Don’t know what you got till it’s gone. Taste didn’t come back easy. It took so long.
Two weeks with a bad cold was long enough to remind me again of God’s fine sense of timing. My congested head had been dulling my sense of smell. But it was the exact day the 40 day sugar fast ended that my taste went away.
Poof. Gone. Taste no more. Cravings for chocolate and ice cream suddenly melted away.
I was my own science experiment last week.
No taste was new to me. So new, and strange, I felt I needed to prove it was really gone.
An onion may as well have been an apple or potato. I couldn’t taste- or smell- a thing. Fresh brewed, French roast coffee could have been weak breakfast tea. Nothing. Deep, clean minty fresh could have been baking soda Crest. Nada. But on a positive note, sweaty boys, bathroom smells, stinky feet also left no trace.
Besides increased gratitude for a range of flavors and greater compassion for those with colds, my tasteless days got me thinking about spiritual tastebuds.
Oh, taste and see that the Lord is good!
Oh, taste and see that the Lord is good! Blessed is the man who takes refuge in him! We know that verse. Some of us sing that verse. We love Psalm 34:18. We might even fast to rouse our spiritual tastebuds.
But if we’re honest, sometimes the Lord and his Word do not taste good. We consume countless other things that dull our hunger for God. Snacks, screens, and Facebook feeds can all take the edge off our hunger for the Bread of Life (John 6:35).
But that’s not the point.
Many of our tastes for nourishing foods- salads not Skittles- are acquired. It might take 15 exposures to accept the new food. Like the time goes into a prepping a good meal, getting spiritual nutrition takes work too. We’ve got to grind the wheat, and cultivate our spiritual tastes.
But that’s not the point either.
5 Takeaways From Tasteless Days
1. Dangerous
I drank sour half-and-half last week. But my tongue didn’t tell me. My husband did, after I put it in his. Our senses warn of dangers like fire, poisonous fumes, or rotten food. Spiritual tastebuds alert us to soul dangers. We need God’s Word warns us about sin’s dangers (Psalm 19:11). A Puritan named Thomas Brooks wrote, “O God, put my tongue out of taste for the bait of the devil.”
Oh that my tongue was as “put out of taste” for my own harshness and impatience with my sons as as my it was chocolate and ice cream last week.
2. A Sign of Sickness

Losing our sense of taste is a sign that we’re sick.
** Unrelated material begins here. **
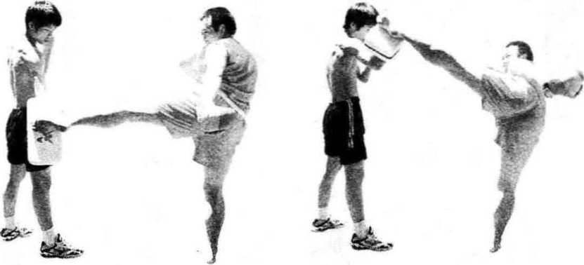 要点双人踢靶分有单靶、双靶、定位、移位等多种练习。要求示靶者出靶快捷、到位、有力要求踢靶者反应机敏有感而应踢靶凶狠劲力通透。左右腿练习每次练习时间20?30分钟。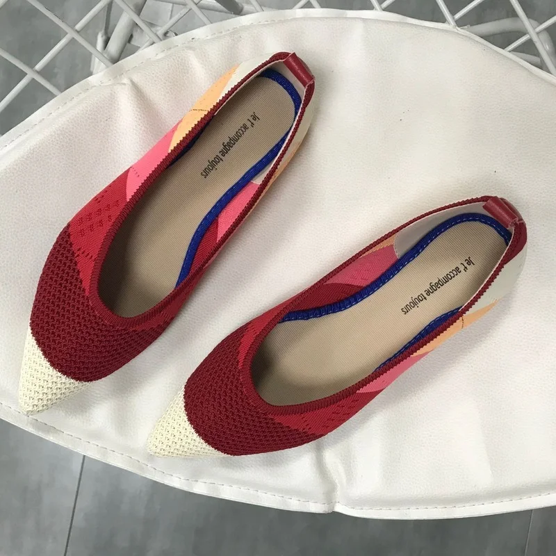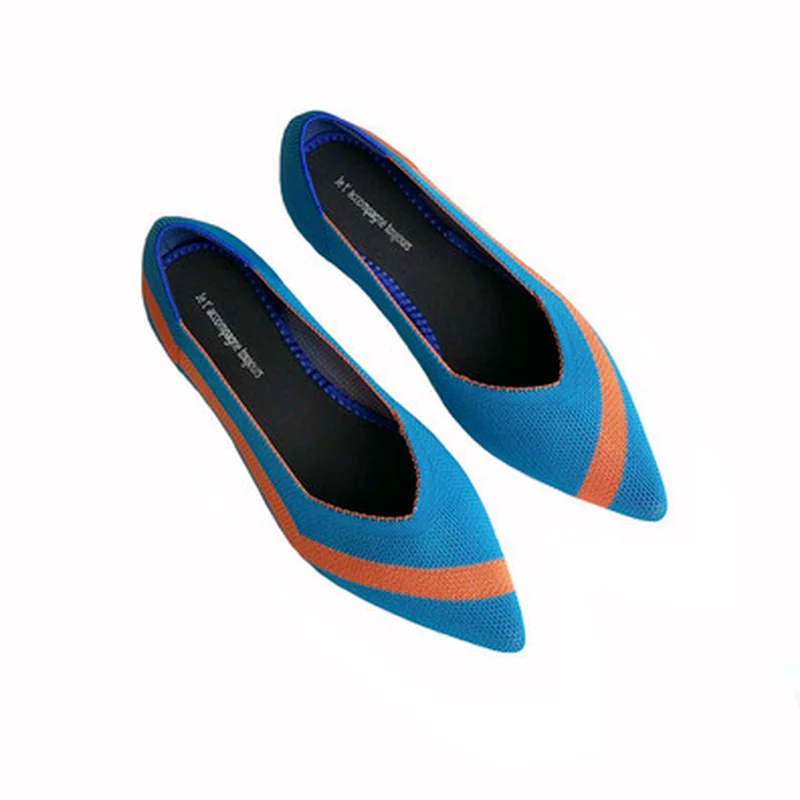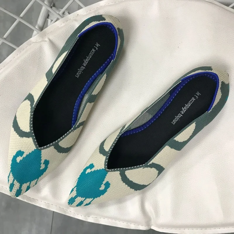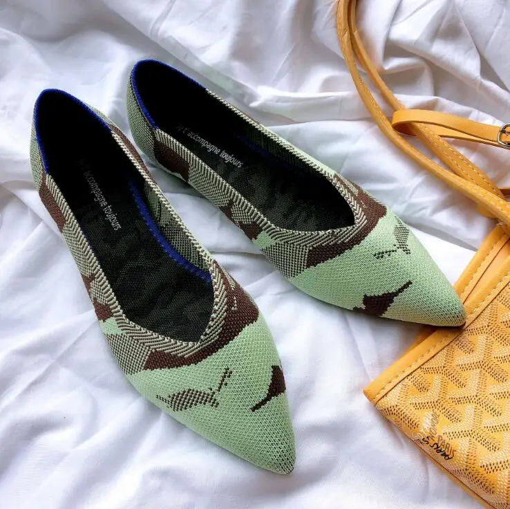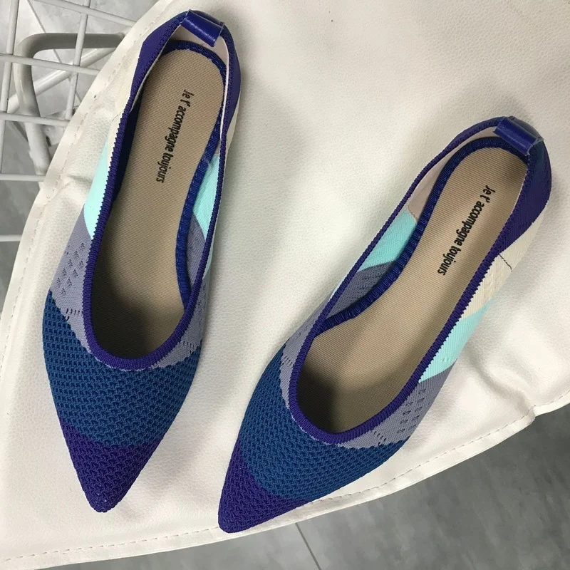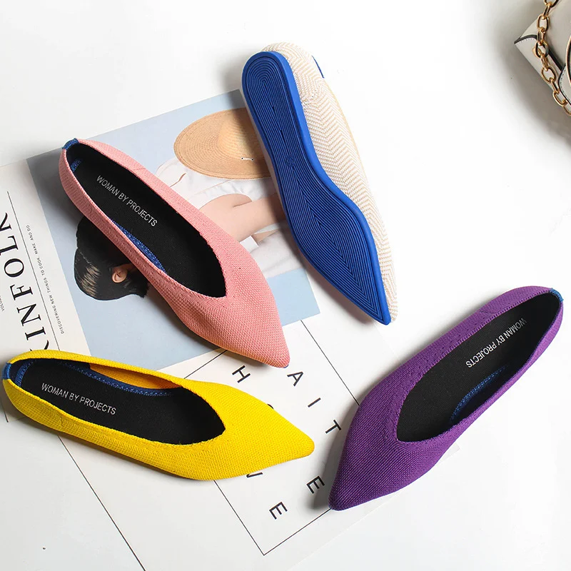 Туфли женские трикотажные эластичные, заостренный носок, плоская подошва, дышащие удобные, для работы, модная обувь для вождения, осень-весна

If nachos were bland and even my brother-in-law’s storied Raclette cheese tasted tame, it’s no fault of theirs. If God’s Word tastes bland and seeking him seems dull, our souls are sick or injured. It might just be a little head cold like I had last week, or more serious, like the head injury that stole tastebuds from my friend Bob.
But the same God that gave us tastebuds can heal our sick ones. So feed the cold.
3. Keep Eating
Jonathan Edwards sad, “We must endeavor to increase spiritual appetites by meditating on spiritual objects.” Appetite comes with eating. “Faith comes by hearing, and hearing by the word of Christ” (Rom. 10:17). That’s not just at conversion. It’s true every day of our lives. When you get up in the morning, my guess is… you must get faith again. And you get it from the Bible. That from John Piper. My mind said soup and tea were good when I couldn’t taste them. So I sipped them until I could.
Faith comes from the Word of Christ. So even when we don’t desire God, we keep eating.
4. Gradual Return
Taste is not all or nothing. There were those in-between, lukewarm days when coffee tasted like coffee more than tea or water, but blonde could have been bold. When I could tell an orange from a lemon but not from a grapefruit. Don’t despise the day of small things. Rejoice in little changes. And keep eating. Spiritually too: Eat when you feel like it. Eat when you don’t feel like it. Eat the Word until you feel like it.
Trust the process. Wait for the Lord to restore your taste, your joy (Psalm 51:12).
5. Restored By God
How are spiritual taste buds restored? Jon Bloom writes, The more you cultivate the habit of looking to and listening to Jesus, the more your spiritual taste buds…will be restored. We are transformed into people with healthy spiritual tastebuds- who love good and spit out evil-when we behold the glory of the Lord (2 Cor. 3:18). And so we pray like Jeremiah prayed, “Heal me, O Lord, and I will be healed; save me and I will be saved, for you are the one I praise.”
And God may be gracious to you and restore your taste like he did for me last week. Now l give him praise.
That, actually, was the point.
Your words were found, and I ate them, and your words became a joy and the delight of my heart for I am called by your name.